Start of Input data

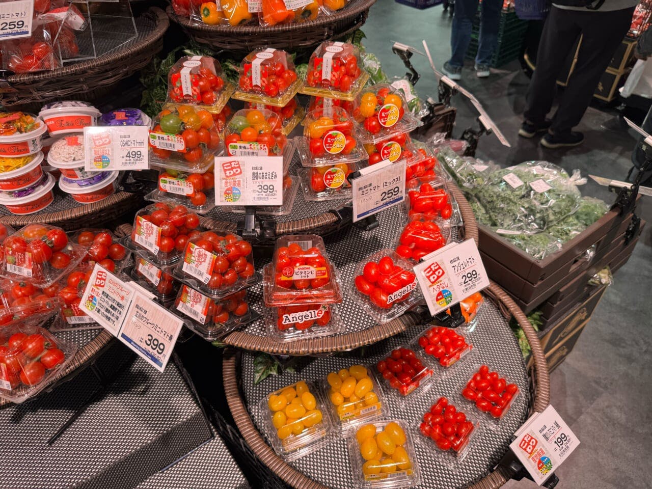 「店の顔」と位置づける青果では、糖度・熟度・産地(生産者)・品種で厳選した果物を「こだわりま撰果」の名称で販売する。たとえば、ミニトマトは産地を絞った「豊橋のあまえぎみ」「立川のフルーツミニトマト奏」(税抜各399円:以下、すべて税抜価格)のほか、高糖度の「OSMCトマトmini」(499円)などをラインアップする。
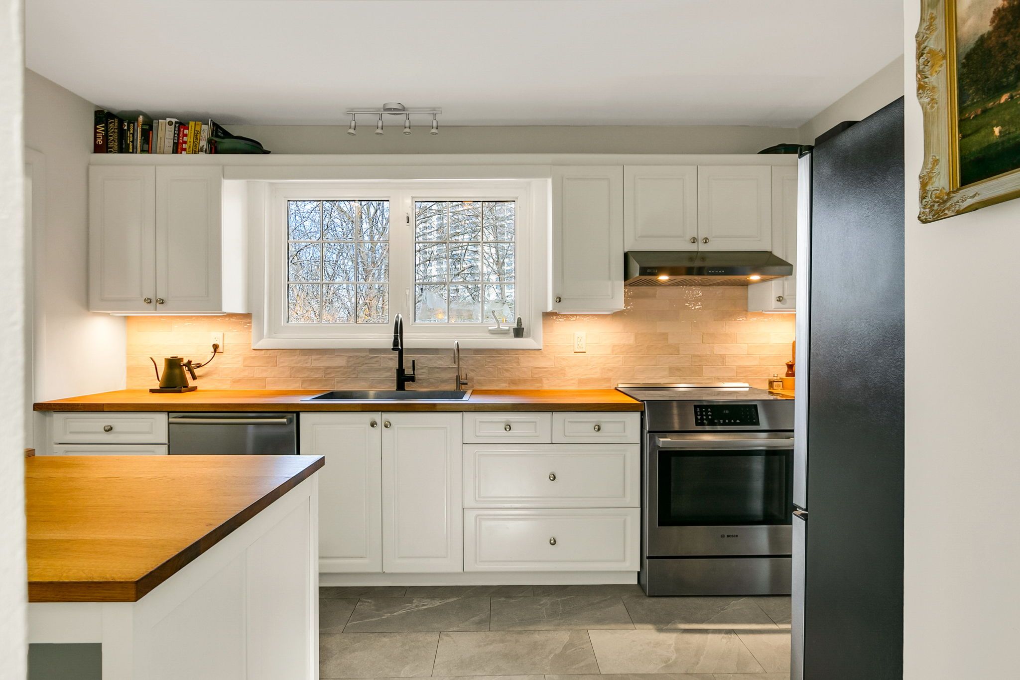 • Renovated kitchen with high-end appliances and updated bath with heated floors.
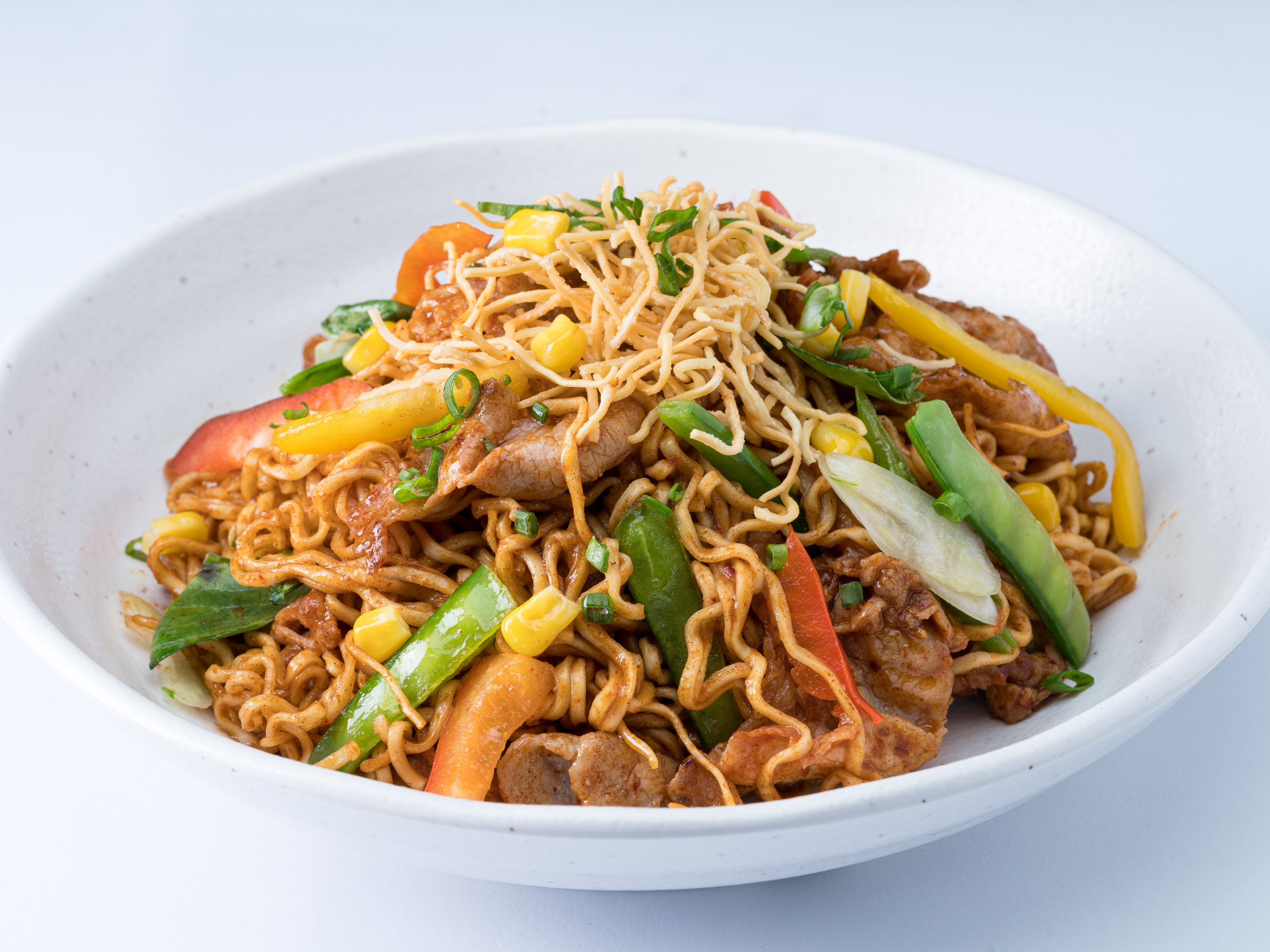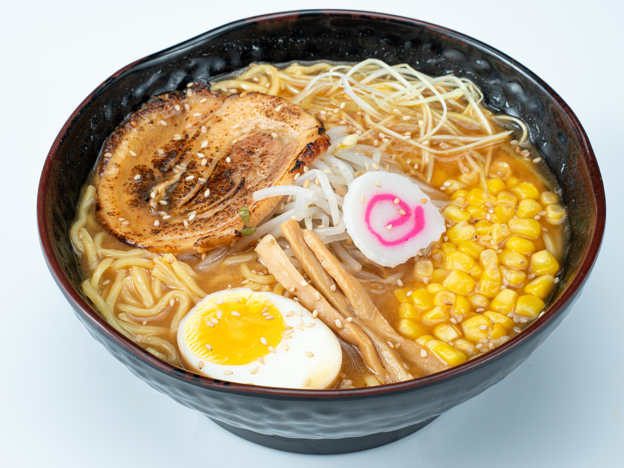 Sopa de fideo ramen japonés y caldo especial picante, acompañado de chashu (carne de cerdo), otras verduras.

End of Input data

## Task directions
Pictures do not belong in the copy. Repeat exactly each line from the one with "with heated floors." through the end of the listing.

## Result
 • Renovated kitchen with high-end appliances and updated bath with heated floors.
 Sopa de fideo ramen japonés y caldo especial picante, acompañado de chashu (carne de cerdo), otras verduras.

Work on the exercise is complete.